Reported: 2005-03-10 15:48 UTC by Chris Jefferson
Modified: 2021-02-12 02:30 UTC (History)
5 users (show)

See Also:
Host:
Target:
Build:
Known to work:
Known to fail:
Last reconfirmed: 2012-02-03 00:00:00


Attachments
fix (1.54 KB, patch)
2019-03-05 22:47 UTC, Jason Merrill
Details | Diff

Note You need to log in before you can comment on or make changes to this bug.
Description Chris Jefferson 2005-03-10 15:48:15 UTC
Given an empty struct (ie struct X { };), even at high optimisation levels g++
will insist on always allocating and zeroing some memory for empty structs.

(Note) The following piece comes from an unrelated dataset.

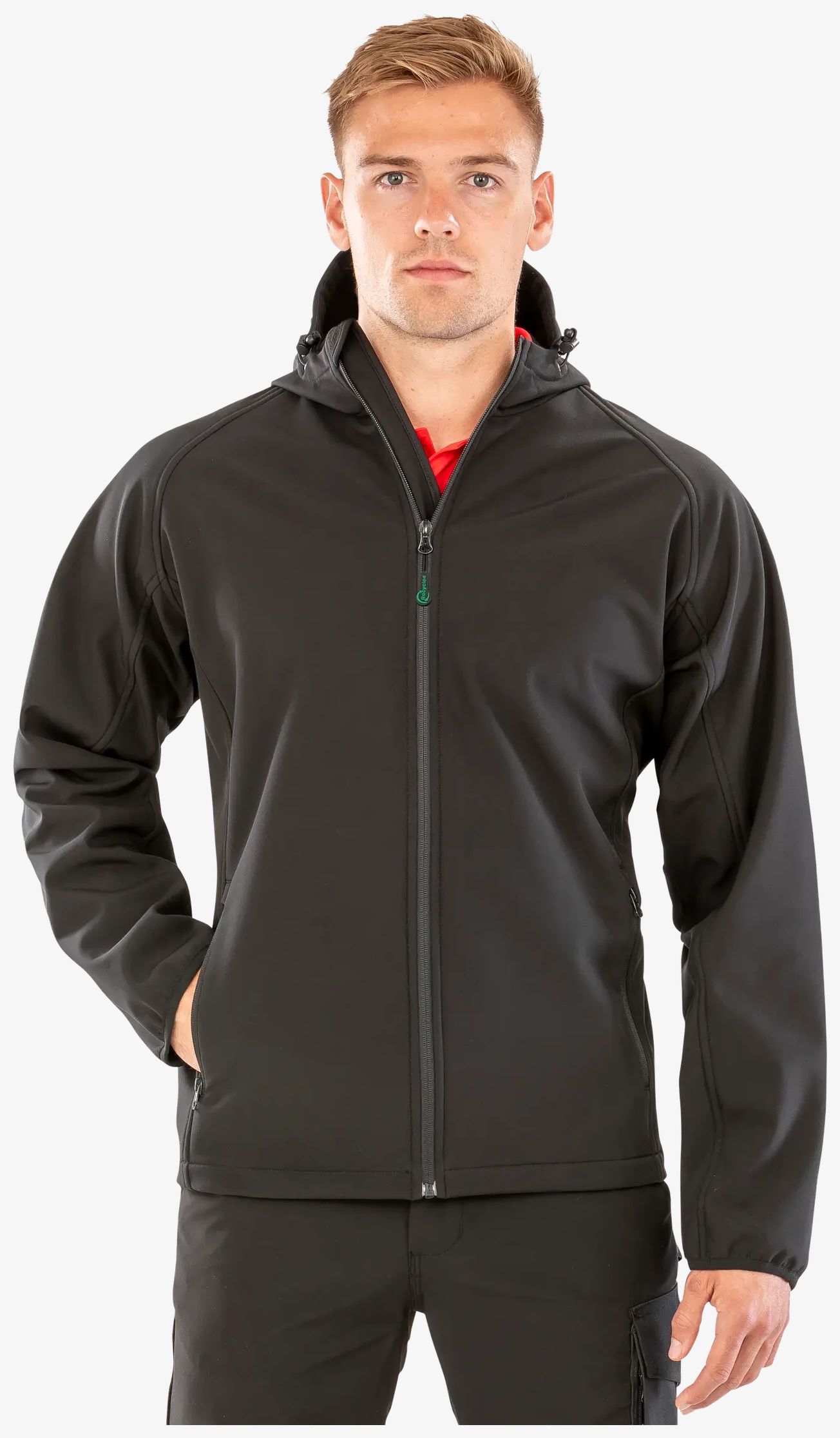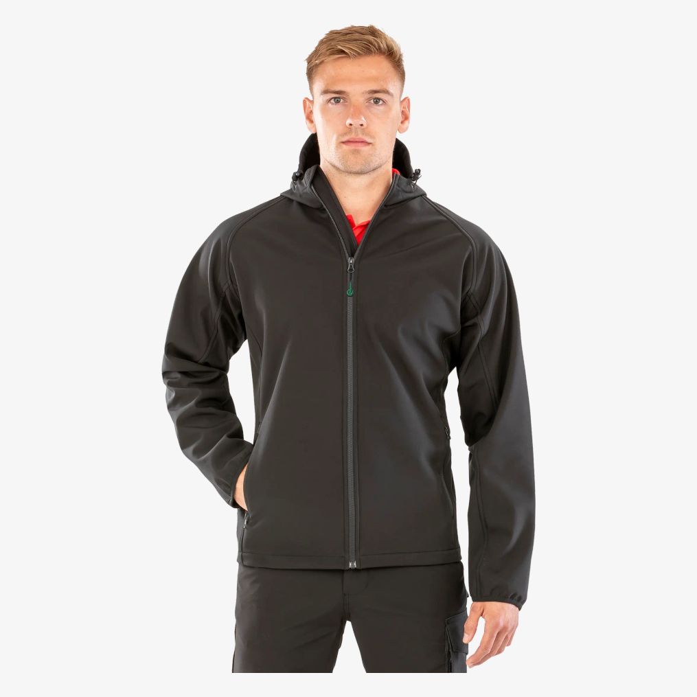 El Softshell con Capucha Reciclada es una chaqueta softshell con capucha con construcción de 3 capas en materiales reciclados. Membrana de TPU reciclada, impermeabilidad 8000 mm, transpirabilidad 3000 y función cortaviento. Interior de micropolar, puños elásticos, capucha ajustable y bolsillos laterales con cremallera, con bolsillos interiores.

This actually effects C++ code, including libstdc++-v3, as empty structs are
often used as a means of passing around functions.

EXAMPLE
------------------
struct X {};

void foo(X);

void call_foo()
{ foo(X()); }
------------------

generates (from -O3, t70.final_cleanup is:)
-------------------------------------------------
;; Function void call_foo() (_Z8call_foov)

void call_foo() ()
{
  struct X D.1597;

<bb 0>:
  D.1597 = 0;
  foo (D.1597) [tail call];
  return;

}
---------------------------------------------
Comment 1 Andrew Pinski 2005-03-10 15:56:21 UTC
Note this has no effect on the generated code.

But anyways:
  struct X D.1574;
  struct X D.1590;

  D.1574 = {};
  D.1590 = 0;

That is not right 0 is an INTEREGER_CST which cannot be an aggregate, that is just wrong.

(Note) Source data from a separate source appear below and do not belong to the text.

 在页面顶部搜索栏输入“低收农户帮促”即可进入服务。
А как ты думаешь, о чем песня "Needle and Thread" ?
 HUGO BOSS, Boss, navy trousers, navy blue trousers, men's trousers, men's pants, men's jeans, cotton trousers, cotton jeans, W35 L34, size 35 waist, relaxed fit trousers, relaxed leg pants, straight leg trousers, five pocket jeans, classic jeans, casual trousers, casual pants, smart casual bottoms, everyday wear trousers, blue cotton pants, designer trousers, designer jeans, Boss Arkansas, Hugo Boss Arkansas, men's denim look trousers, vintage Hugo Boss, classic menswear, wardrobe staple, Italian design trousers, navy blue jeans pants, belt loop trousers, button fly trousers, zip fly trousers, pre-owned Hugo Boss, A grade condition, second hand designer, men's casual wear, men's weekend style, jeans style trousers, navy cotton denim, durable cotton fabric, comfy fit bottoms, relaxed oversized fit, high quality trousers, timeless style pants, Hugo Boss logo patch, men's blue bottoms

If we had more type checking we would be an ICE.
Comment 2 Chris Jefferson 2005-03-10 16:00:18 UTC
ignore my random changing of severity..
Comment 3 Chris Jefferson 2005-03-10 16:05:39 UTC
When you say "has no effect in final code", are you talking about the problem
you noticed, or the problem as a whole?

I find for each extra X I add to the type of foo I get a line much like:

movb %al, 28(%esp)

appearing in the assembler output, which I assume isn't necessary..
Comment 4 Andrew Pinski 2005-03-10 16:10:10 UTC
Werid on PPC, we get the most optimal code of
__Z8call_foov:
LFB2:
        b __Z3foo1X
Comment 5 Paolo Carlini 2005-03-10 16:19:10 UTC
Andrew, is Daniel Berlin struct aliasing work likely to help, here?
Comment 6 Andrew Pinski 2005-03-10 16:21:49 UTC
(In reply to comment #5)
> Andrew, is Daniel Berlin struct aliasing work likely to help, here?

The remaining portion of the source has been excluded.